◆ **Task brief**
Count lines, not occurrences: report how many lines in the records hold the string "zwei", and nothing else.

◆ **Data section**
★ ★ ★ ★ ★ ★ ★
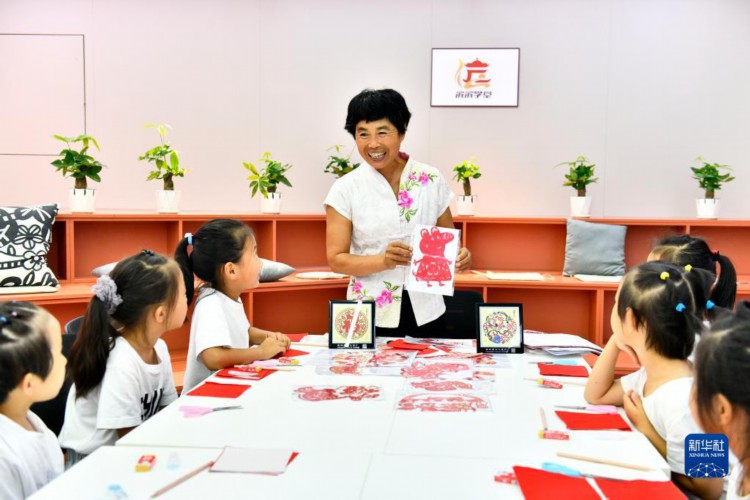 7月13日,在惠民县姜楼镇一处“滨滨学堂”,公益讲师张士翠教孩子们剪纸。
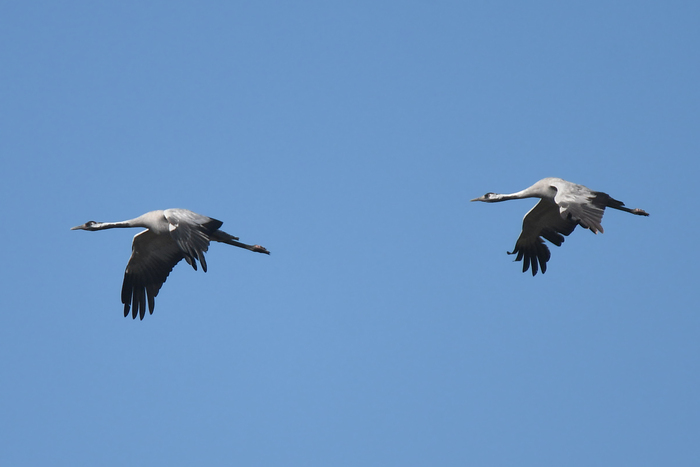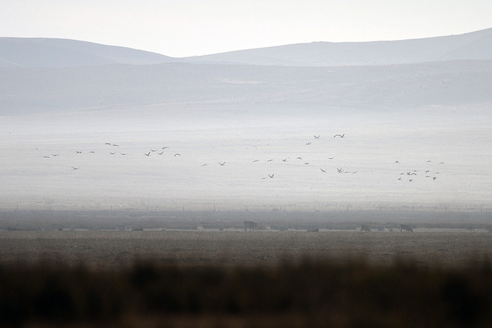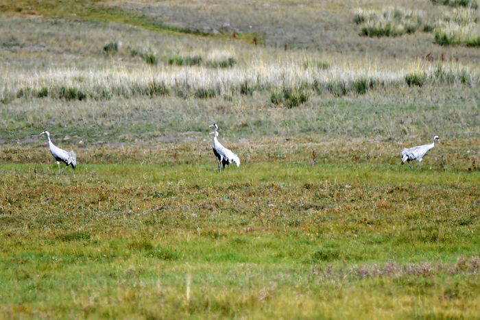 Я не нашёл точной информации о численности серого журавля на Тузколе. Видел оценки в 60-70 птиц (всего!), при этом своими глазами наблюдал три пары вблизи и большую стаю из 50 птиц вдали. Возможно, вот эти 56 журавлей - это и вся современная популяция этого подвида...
★ ★ ★ ★ ★ ★ ★
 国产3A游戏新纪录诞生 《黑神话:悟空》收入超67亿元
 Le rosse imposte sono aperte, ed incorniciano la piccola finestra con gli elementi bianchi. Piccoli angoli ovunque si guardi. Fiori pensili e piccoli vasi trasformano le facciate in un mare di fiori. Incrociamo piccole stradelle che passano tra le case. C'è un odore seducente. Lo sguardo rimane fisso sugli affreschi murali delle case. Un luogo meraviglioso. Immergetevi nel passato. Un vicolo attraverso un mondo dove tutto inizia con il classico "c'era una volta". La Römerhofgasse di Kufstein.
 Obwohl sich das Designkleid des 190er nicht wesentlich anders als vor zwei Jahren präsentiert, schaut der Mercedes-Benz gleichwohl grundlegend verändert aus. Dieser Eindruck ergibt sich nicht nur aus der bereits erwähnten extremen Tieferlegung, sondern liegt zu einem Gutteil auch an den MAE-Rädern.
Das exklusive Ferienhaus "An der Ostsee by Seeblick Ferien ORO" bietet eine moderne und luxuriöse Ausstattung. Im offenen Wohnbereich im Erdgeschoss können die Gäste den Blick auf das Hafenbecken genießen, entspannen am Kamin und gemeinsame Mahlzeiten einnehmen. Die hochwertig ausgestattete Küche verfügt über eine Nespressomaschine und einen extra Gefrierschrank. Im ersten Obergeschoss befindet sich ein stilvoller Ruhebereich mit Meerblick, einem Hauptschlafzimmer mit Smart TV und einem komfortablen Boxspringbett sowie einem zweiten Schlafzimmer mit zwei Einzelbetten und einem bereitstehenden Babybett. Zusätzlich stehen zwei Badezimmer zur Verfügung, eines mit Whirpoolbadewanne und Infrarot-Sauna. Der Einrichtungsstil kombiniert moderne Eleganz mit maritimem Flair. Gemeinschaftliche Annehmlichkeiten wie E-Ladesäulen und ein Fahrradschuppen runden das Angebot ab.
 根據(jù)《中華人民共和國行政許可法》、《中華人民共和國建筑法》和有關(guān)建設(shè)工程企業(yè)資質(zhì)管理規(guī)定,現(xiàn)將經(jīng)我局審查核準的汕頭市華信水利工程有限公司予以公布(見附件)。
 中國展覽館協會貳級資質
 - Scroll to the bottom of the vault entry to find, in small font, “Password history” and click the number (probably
★ ★ ★ ★ ★ ★ ★
◆ **Answer**
2